Starred Up

Director    David Mackenzie
Starring    Jack O'Connell, Ben Mendelsohn, Rupert Friend, David Ajala, Peter Ferdinando, Ashley Chin
Release    APR 2014 (US) 21 MAR (UK)    Certificate 18
4 stars

Ali Gray

21st March 2014

Starred Up might be the angriest movie ever made. Set inside a British jail as troublesome new arrival Eric Love (Jack O'Connell) joins his lag father Neville (Ben Mendelsohn) on the wing, David Mackenzie's prison drama feels as though it is powered by white hot fury. As the inmates clash, tidal waves of ugly, pointless, misguided anger crash down on one another. The air feels heavy with rage, as if characters breathe in a red mist and can't help acting on it. The inmates of Starred Up are like bombs that could go off at any second, and the movie's fuse constantly threatens to ignite without a moment's notice. Although the director often allows himself to indulge in the violence as his characters do, Mackenzie never loses sight of what's behind the unrest, and why that's way more important than the outbursts themselves.

We see nothing of the outside world here: the universe of Starred Up is in miniature – concrete cells and metal bars, low ceilings and plastic chairs, deep-set windows that don't open. Mackenzie crafts an unwelcoming, unmerciful aesthetic that leaves you in no doubt from the first scene, as Love is inducted into the prison: you're in here with him. It's a hellish, powderkeg environment: Broken Britain in microcosm. Misdirected glances and choice words lead to savage beatings or worse. It's no exaggeration to say that every upsetting event in Starred Up happens because the canteen server manhandles Jack O'Connell's mashed potatoes – and that's not a euphemism.

Eric dreamed of chips, or perhaps one day, even crinkle-cut chips.

What saves Starred Up from being Scum Lite is the script by Jonathan Asser, a former prison worker who taught anger management and rehabilitation classes at Pentonville Prison for over a decade. Here, Rupert Friend plays his avatar: a well-educated, Oxford-born carer who tries to tame the raging bulls of the prison with a white flag instead of a red rag. Though it's hard to shake the image of Cartman asking "How do I reach these keeeeeds?" in South Park's spot-on parody of Dangerous Minds et al, Asser's experience gives Starred Up all the authenticity it needs. If the goal was to humanise the inmates rather than categorise them, Asser succeeds, and Friend excels as his mouthpiece.

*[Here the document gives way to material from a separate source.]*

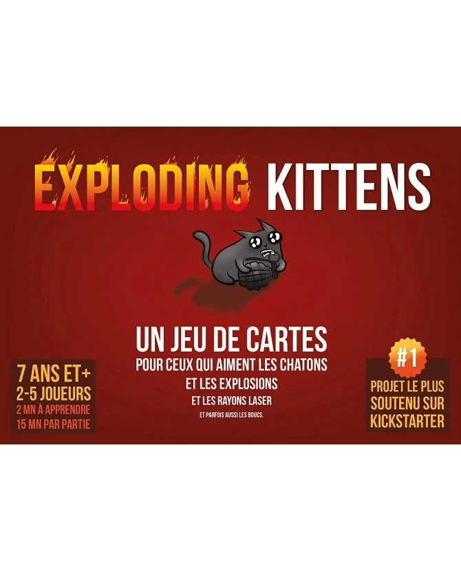 - Après un énorme succès sur Kickstarter, le jeu d’ambiance déjanté arrive enfin en français. Vous n’aurez dorénavant plus d’excuse pour vous lancer dans la bataille ! Exploding Kittens revisite la célèbre Roulette Russe dans un jeu de cartes où les chatons côtoient d’un peu trop près grenades, missiles nucléaires et torpilles dans un cocktail détonant ! À tour de rôle, les joueurs piochent des cartes du paquet jusqu’à ce qu’un joueur révèle un chaton explosif, provoquant sa mort et sa défaite pour la partie en cours. Les autres cartes permettent aux joueurs de se protéger des déflagrations, de forcer les autres à piocher plus ou à regarder les prochaines cartes avant de remélanger le tout. Le joueur qui a réussi à éviter toutes les explosions remporte la partie !

O'Connell, however, provides the film with its most startling performance, the kind that makes you sit up and take notice: a "Where did he come from?" experience of the kind that kickstarts careers. Eric Love is, on the surface at least, a wrong'un, but O'Connell – working from and adding to Asser's succinct script – gradually peels back layer after layer until you catch glimpses of the man beneath. Encased in a stone tomb and with a head too young to process enough physical and emotional pain to last a lifetime, Eric lashes out like a firework let off indoors. Mendelsohn, meanwhile, adds a dynamite dynamic as Eric's father, although not in the ways you expect: they share a fascinatingly complex relationship that acts as the heart of the film, power constantly shifting between them, emotions barely simmering beneath.

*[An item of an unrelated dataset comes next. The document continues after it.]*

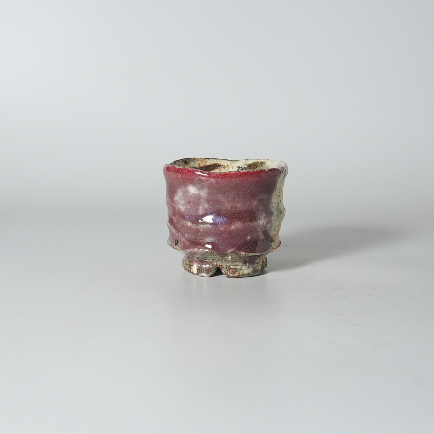 Ash glaze shinsha red guinomi sake cup with wooden box. Keita Yamato. Hagiyaki.Sold Out

This extra was as pleased to see Mendelsohn as I was.

Starred Up is a movie you're never entirely comfortable with: it doesn't give you a moment to relax. There are brief moments of levity that bloom through the concrete cracks, all of which feel natural and real to the moment, but Starred Up's tone is on a knife edge; the film is capable of exploding into violence off the back of one off-colour joke. The feeling of unease never quite goes away and stays with you some time after the credits roll.

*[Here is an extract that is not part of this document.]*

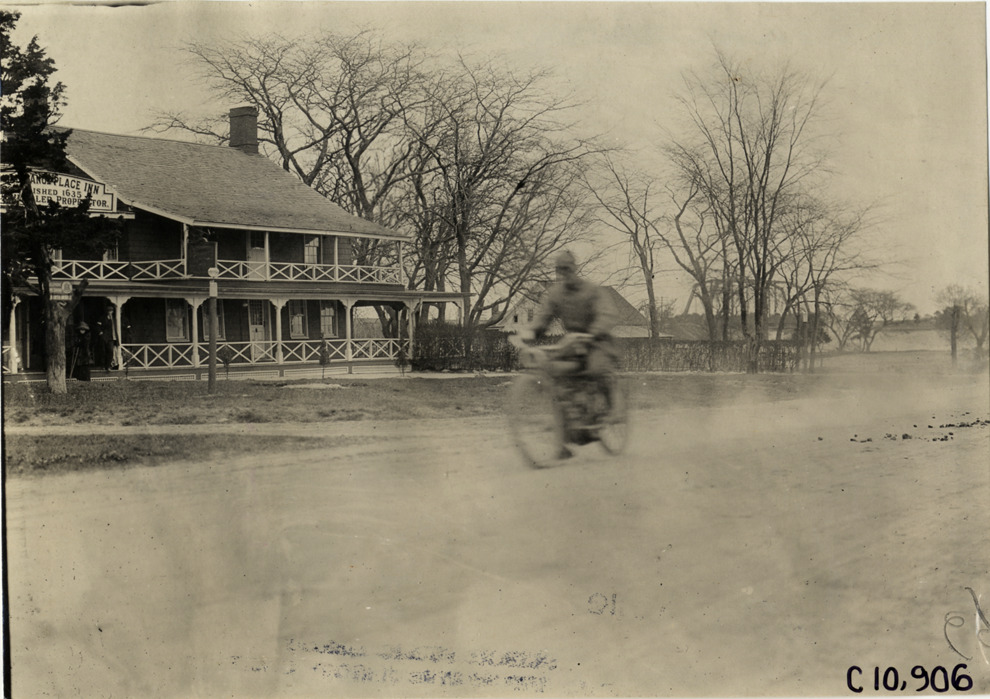Motorcyclist traveling past Canoe Place Inn, 1909 New York Motorcycle Club spring run

The only thing that doesn't quite ring true is the portrayal of the upper echelons of the nameless prison's staff. Though the story may echo writer Asser's real-life experiences, the heartless prison manager – all pock-marked skin and evil sneers – feels like a bastard too far; the one concession to creative licence that Starred Up deems fit to allow. Perhaps the salve of a storybook villain actually sooths the film's prickly sting of authenticity – on the whole, Starred Up refuses to pigeonhole its characters whatever side of the law they fall upon. It offers no easy answers and takes no sides: the result is one of the most engrossing, exciting and explosive prison films this country has ever produced.